Солнце уже почти закатилось. Короткие Каролинские сумерки должны были очень скоро смениться тёмной, безлунной ночью, и нам не приходилось особенно опасаться, что в такой темноте наше убежище будет открыто.

Я взглянул на Томаса, как бы спрашивая его совета. Он отвёл меня в сторону, предварительно удостоверившись, достаточно ли крепко наш пленник привязан к дереву. А привязали мы его верёвками, найденными у него же в кармане; верёвки эти были приготовлены им, надо полагать, для совершенно других нужд.

Остановившись, Томас немного помолчал, как будто собираясь с мыслями.

— Арчи, — произнёс он наконец, указывая на Мартина, — этот человек сегодня умрёт!

В голосе его звучало ледяное спокойствие и в то же время какая-то безумная сила.

Я был поражён и не сразу мог ответить. Я взглянул на Томаса; лицо его выражало суровое торжество и непреклонную волю. Глаза его сверкали. Он снова повторил, но на этот раз тихим и спокойным голосом, который совершенно не подходил для таких слов:

— Говорю тебе, Арчи, этот человек сегодня умрёт! Это она велит. Я это ей обещал, и теперь время пришло.

— Кто это велит? — поспешно спросил я.

— И ты ещё спрашиваешь — кто, Арчи? Да ведь этот человек — убийца моей жены!

Хоть мы с Томасом были всегда очень дружны, он после смерти жены впервые заговорил о ней со мной так прямо. Иногда, правда, мне приходилось слышать от него какие-то туманные намёки.
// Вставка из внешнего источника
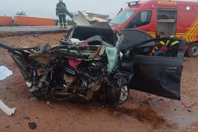 Imagens registradas por testemunhas mostram o Chevrolet Prisma com a parte frontal totalmente destruída, o que evidencia a violência do impacto. A carreta envolvida permaneceu no local até a chegada das autoridades.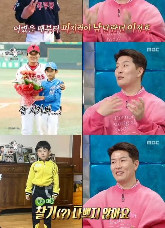 김병현은 "정후가 4살 쯤 처음 봤었다. 안아봤더니 피지컬이 남달랐다. 밸런스가 너무 좋았다. 이종범 선배한테 '야구를 무조건 시켜야겠다'고 했었고, 이종범 선배도 '잘 봐라'고 했는데, 그 아이가 커서 이정후 선수가 된거다. 뿌듯하다. 그런데 우리 아들 피지컬도 나쁘지 않다"고 덧붙이며 미소를 감추지 못했다.

И я вспомнил, что несколько раз в очень странных и бессвязных словах он уверял меня, что и теперь общается с ней.

Сейчас, когда он произнёс её имя, слёзы навернулись у него на глазах. Он поспешил смахнуть их и с холодным спокойствием в третий раз повторил так же тихо, но решительно:

— Говорю тебе, Арчи, этот человек сегодня умрёт!
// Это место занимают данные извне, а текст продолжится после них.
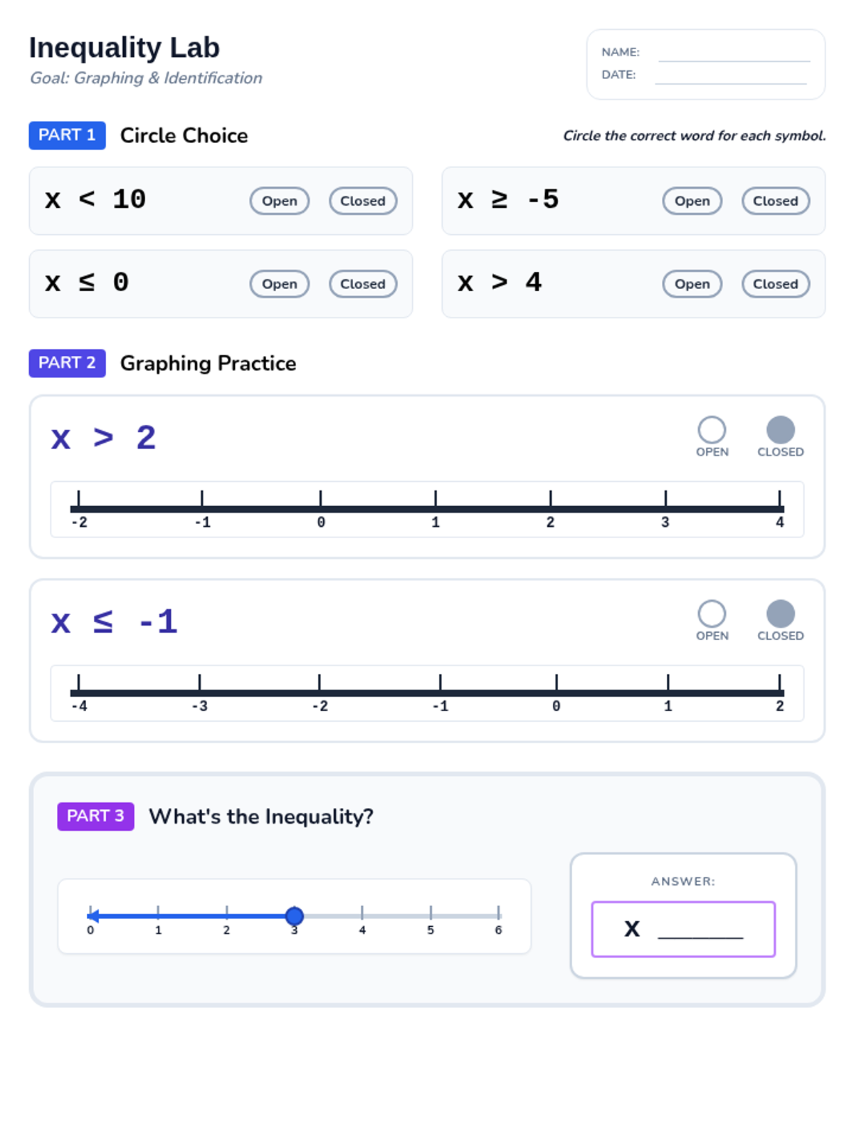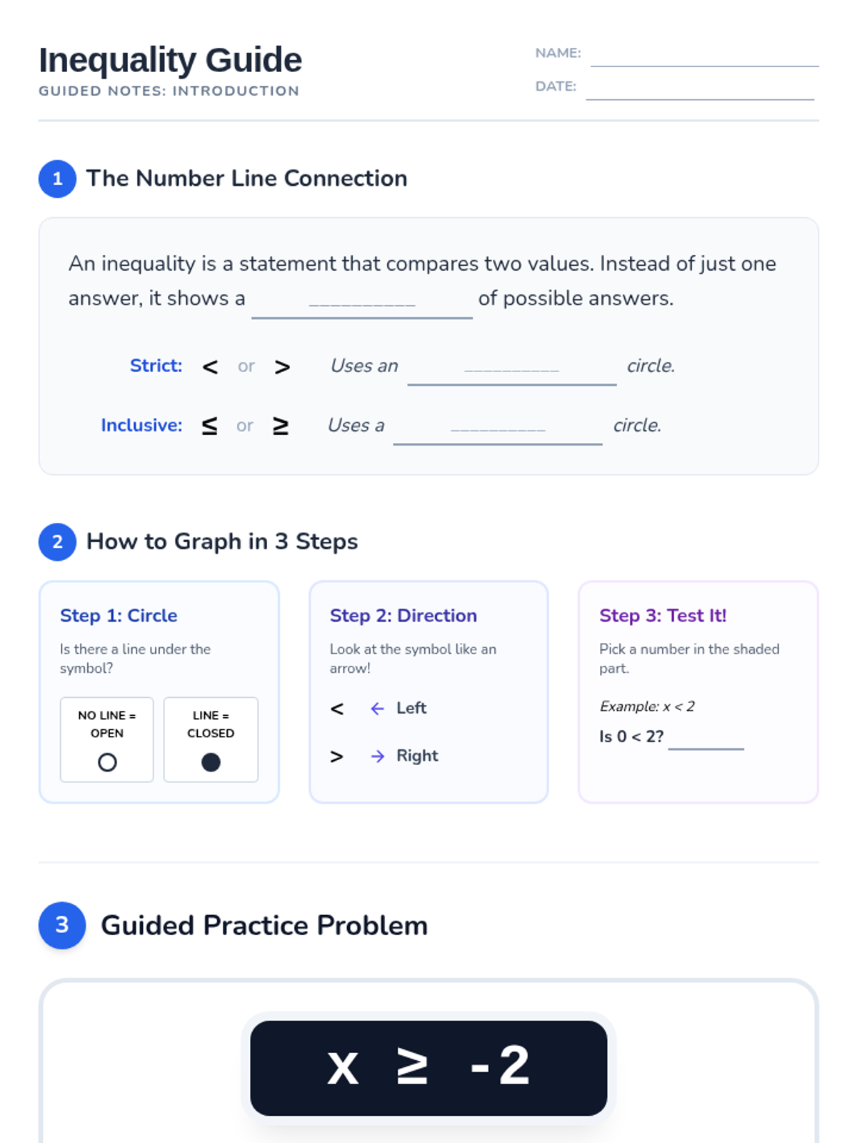 A comprehensive set of resources for IEP students to master graphing simple inequalities, featuring visual scaffolds, step-by-step guided notes, and a scaffolded practice worksheet.

Перебирая в памяти все подробности смерти его жены, я не мог не признать, что и в самом деле убил её мистер Мартин. Все мои симпатии и тогда и теперь были на стороне Томаса. Убийца находился в его власти. Томас считал, что он обязан покарать его, и я вынужден был признать, что казнь эта будет актом справедливого возмездия.

Тем не менее мысль, что придётся пролить кровь, была для меня нестерпима. А может быть, где-то на дне души ещё притаились остатки рабского страха и постыдного малодушия, которые более сильный духом Томас сумел окончательно в себе преодолеть. Я признавал, что, по справедливости, управляющий должен заплатить за всё жизнью, но в то же время я напомнил Томасу обещание мистера Мартина, который заверял, что простит нас и оградит от наказания, если мы доставим его домой.

Презрительная улыбка заиграла на лице Томаса.

— Ну, разумеется, Арчи, — произнёс он, — простит и оградит! А на следующий же день — сто ударов плетьми, а затем, по всей вероятности, и петля на шею. Нет, не хочу я такого прощения. Нет, Арчи, не нужна мне их милость. Слишком долго я был рабом. Сейчас я вольный человек, и уж если меня возьмут, так пусть берут и жизнь: к тому же верить им нельзя, даже если бы мы этого хотели. Ты знаешь, что нельзя. Они не считают себя обязанными выполнять обещания, данные рабу. Они готовы сейчас обещать всё что угодно, лишь бы мы оказались в их власти. Только их обещания всё равно что гнилая солома. А вот моё обещание — это другое дело. А ведь я говорил тебе, что я это обещал. Да, я дал клятву и теперь в последний раз повторяю тебе: этот человек сегодня умрёт!

В голосе его и во всех его движениях сквозила такая сила и такая решимость, что я ничего не смог с ним поделать. Я перестал отговаривать его и сказал, чтобы он поступал как находит нужным. Он зарядил ружьё, которое отнял у мистера Мартина и всё время не выпускал из рук. Затем он подошёл к управляющему, сидевшему у подножия дерева, к которому мы его привязали.

Мистер Мартин тревожно взглянул на нас и спросил, что мы решили.

— Мы всё решили, — ответил Томас, — мы даём тебе полчаса на то, чтобы приготовиться к смерти. Воспользуйся этим временем: у тебя на душе немало грехов, а жить тебе осталось недолго.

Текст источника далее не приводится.